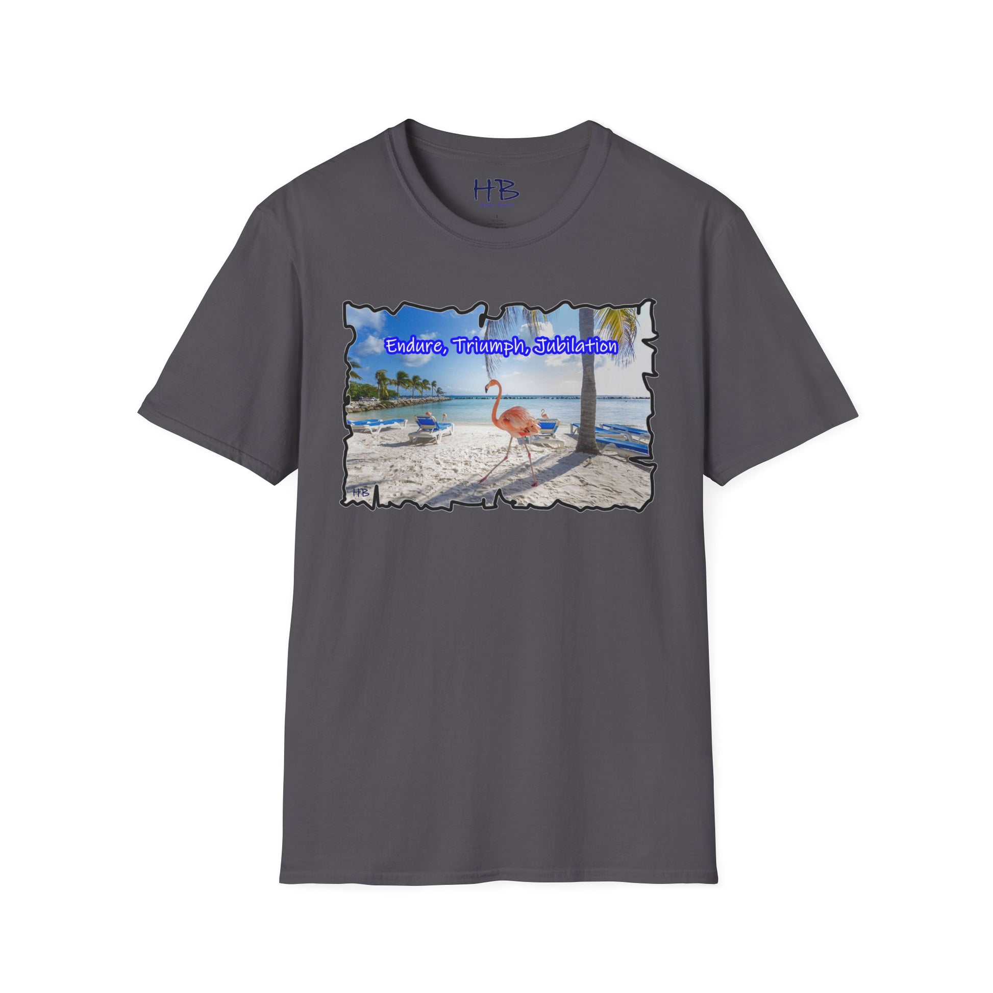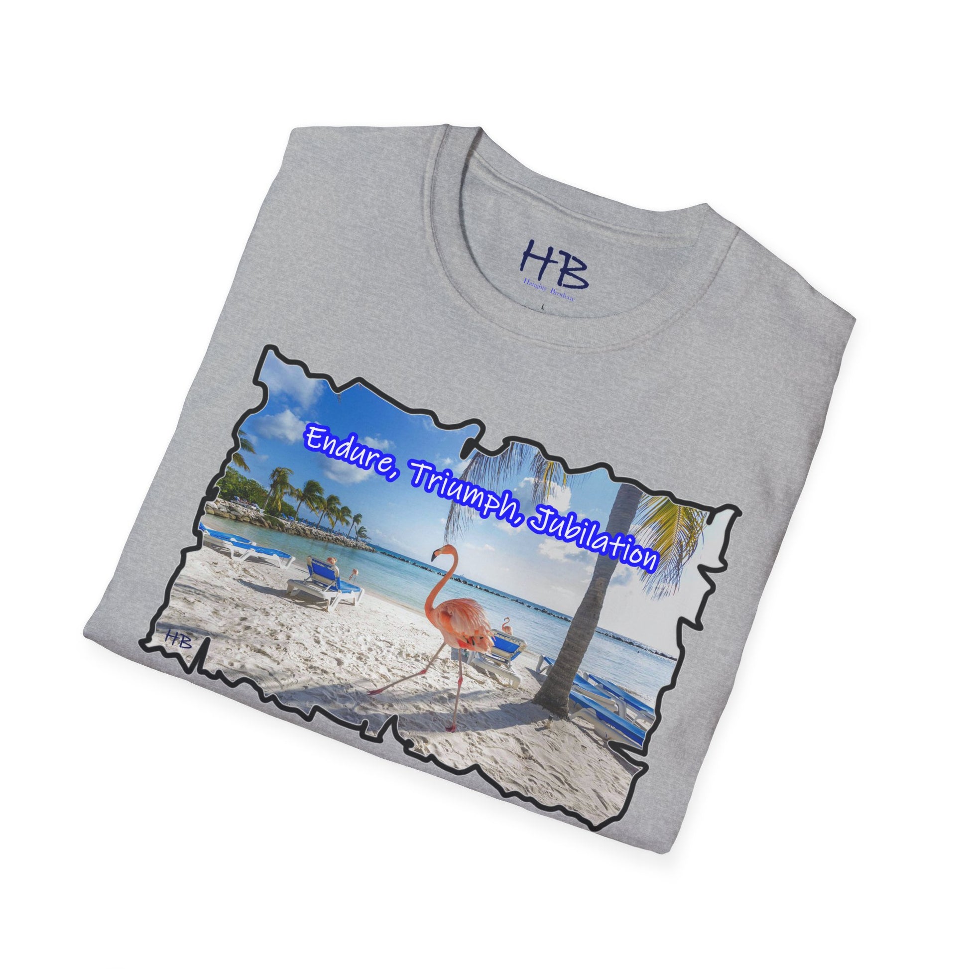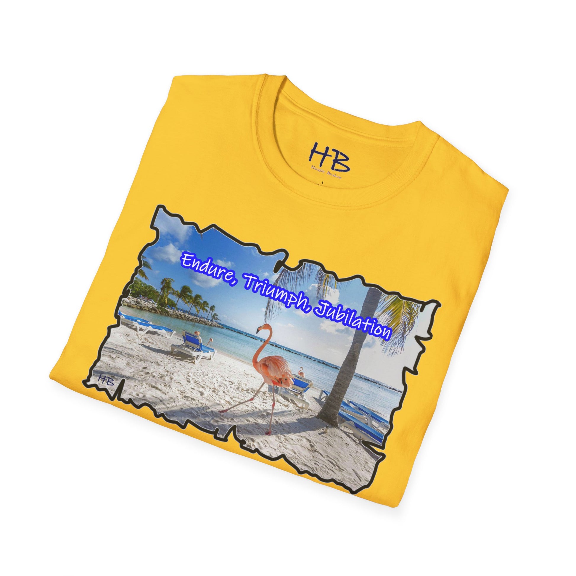 But there's more than meets the eye – a profound message is etched into the fabric of this shirt: "Endure, Triumph, Jubilation." This isn't just a shirt; it's a mantra, a reminder that the challenges we endure are the stepping stones to triumph, leading us to the jubilation of well-earned moments of respite. The picturesque setting becomes a metaphor for the hard work put into obtaining the idyllic islands of our dreams.
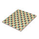 Geometric pattern with overlapping half-circles in teal, cream, brown, and peach on an orange background, creating a vibrant and retro feel.
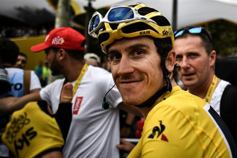 | Le Britannique Geraint Thomas après la 21e étape du Tour de France 2018, le 29 juillet sur les Champs-Élysées à Paris. |

What is required:
Your output should be the lines from the line containing "Geometric pattern with" through the last line of the listing above, restated exactly, with no pictures among them.

Answer to this problem:
 Geometric pattern with overlapping half-circles in teal, cream, brown, and peach on an orange background, creating a vibrant and retro feel.
 | Le Britannique Geraint Thomas après la 21e étape du Tour de France 2018, le 29 juillet sur les Champs-Élysées à Paris. |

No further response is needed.